Required action:
All records below are to be set down precisely as written, excluding pictures.

==================================================

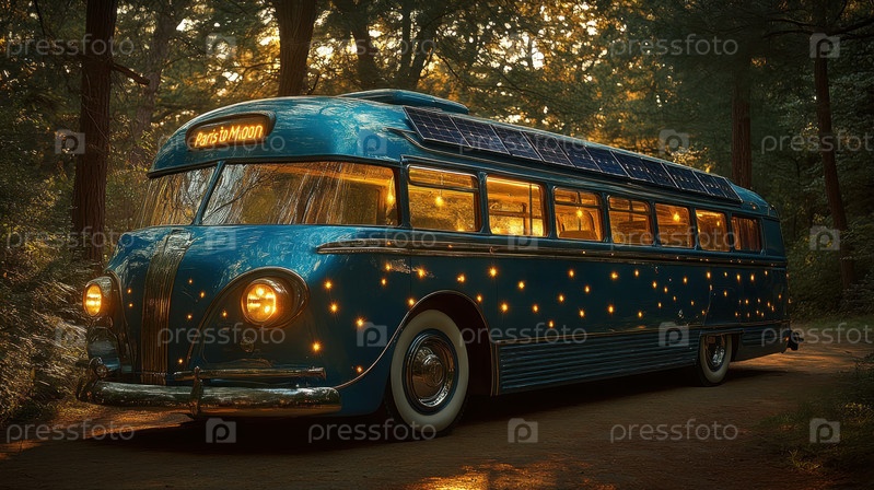 Ржавый старинный автобус с надписью «Из Парижа на Луну» ночью
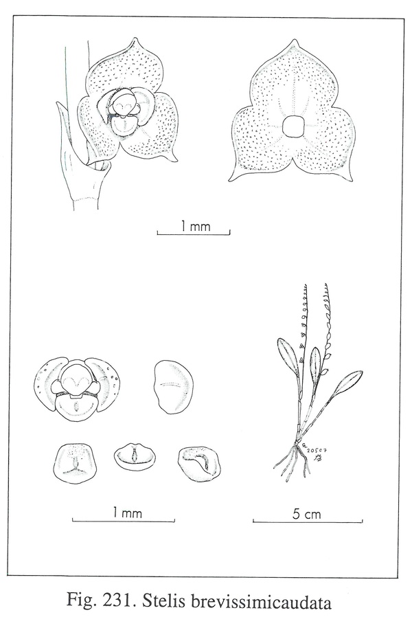 Stelis brevissimicaudata Luer & Hirtz 2007 SECTION Stelis Drawing by © Carl Luer and The Swiss Orchid Foundation at the Jany Renz Herbaria Website
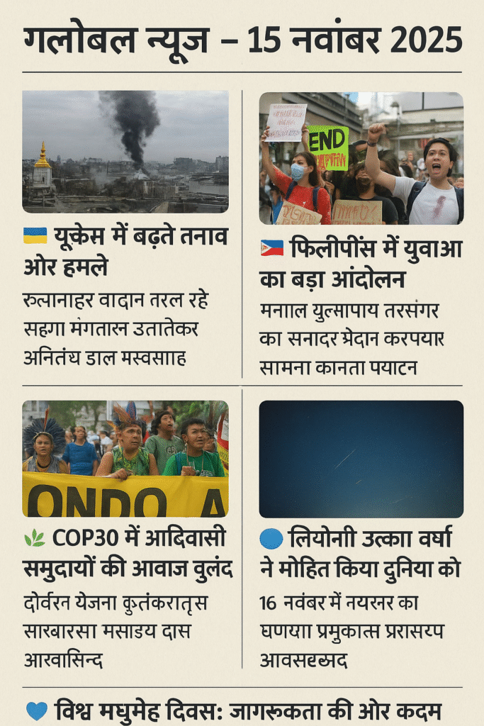 ग्लोबल न्यूज़ – 15 नवंबर 2025 | दुनिया भर की प्रमुख घटनाएँ और मुख्य सुर्खियाँ जैसे-जैसे दुनिया नवंबर के मध्य
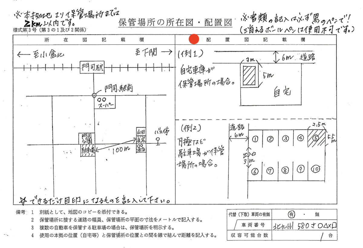 この記事では、北九州市(門司・小倉・八幡・若松)で車庫証明を申請する方向けに、所在図・配置図の正しい書き方と注意点 を、行政書士が分かりやすく解説します。
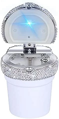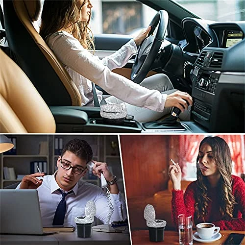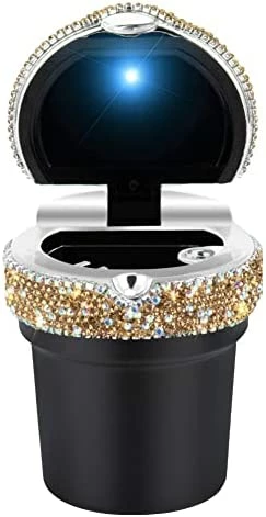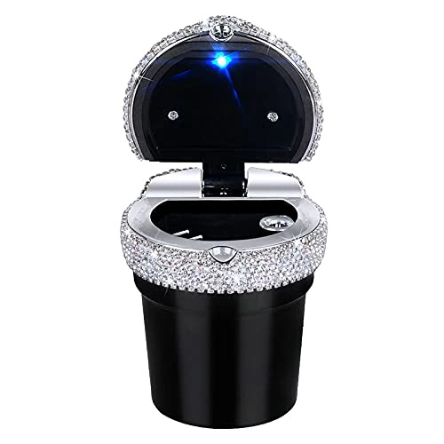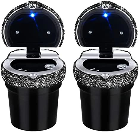 - [LUXURY CAR ASHTRAY] – Decorated with high-quality sparkling rhinestones on top, fashionable and stylish car ashtray with lid, easy to carry and fits most auto vehicle car cup holders. For more options, you may visit our store to find other bling crystal auto accessories that match this ashtray,so as to improve visual unity for car’s interior .
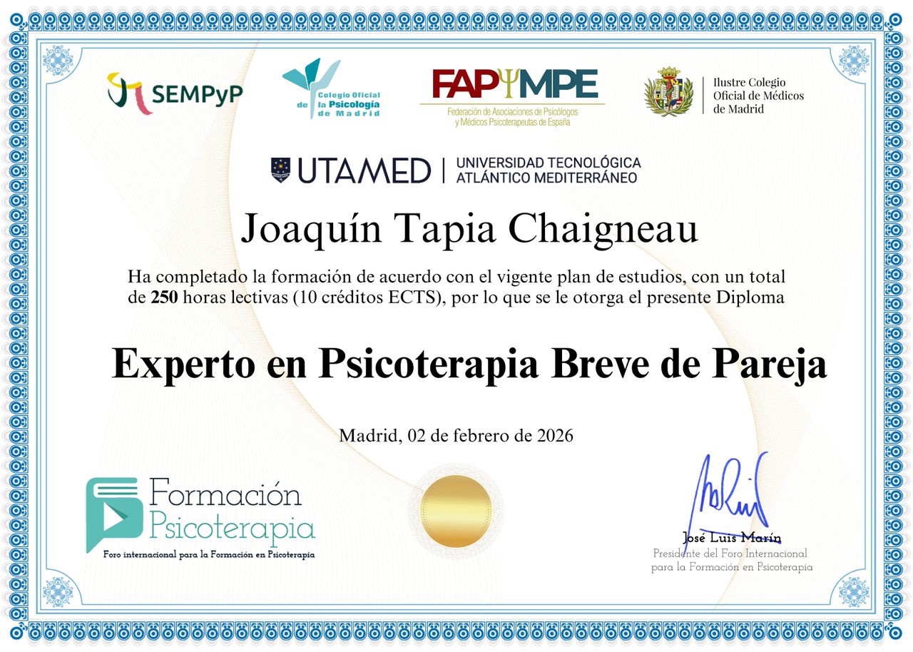 Asistí a terapia de pareja con Joaquín y aunque fue un proceso difícil, no tengo nada más que impresiones positivas de él como profesional. Sus intervenciones nos hacían pensar y ver las cosas desde otra perspectiva, lo que era muy necesario en ese momento. Se nota cuando alguien sabe lo que hace.
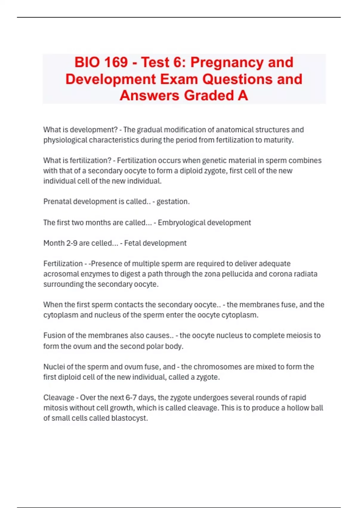 BIO 169 - Test 6: Pregnancy and Development Exam Questions and Answers Graded A

==================================================

Exercise response:
 Ржавый старинный автобус с надписью «Из Парижа на Луну» ночью
 Stelis brevissimicaudata Luer & Hirtz 2007 SECTION Stelis Drawing by © Carl Luer and The Swiss Orchid Foundation at the Jany Renz Herbaria Website
 ग्लोबल न्यूज़ – 15 नवंबर 2025 | दुनिया भर की प्रमुख घटनाएँ और मुख्य सुर्खियाँ जैसे-जैसे दुनिया नवंबर के मध्य
 この記事では、北九州市(門司・小倉・八幡・若松)で車庫証明を申請する方向けに、所在図・配置図の正しい書き方と注意点 を、行政書士が分かりやすく解説します。
 - [LUXURY CAR ASHTRAY] – Decorated with high-quality sparkling rhinestones on top, fashionable and stylish car ashtray with lid, easy to carry and fits most auto vehicle car cup holders. For more options, you may visit our store to find other bling crystal auto accessories that match this ashtray,so as to improve visual unity for car’s interior .
 Asistí a terapia de pareja con Joaquín y aunque fue un proceso difícil, no tengo nada más que impresiones positivas de él como profesional. Sus intervenciones nos hacían pensar y ver las cosas desde otra perspectiva, lo que era muy necesario en ese momento. Se nota cuando alguien sabe lo que hace.
 BIO 169 - Test 6: Pregnancy and Development Exam Questions and Answers Graded A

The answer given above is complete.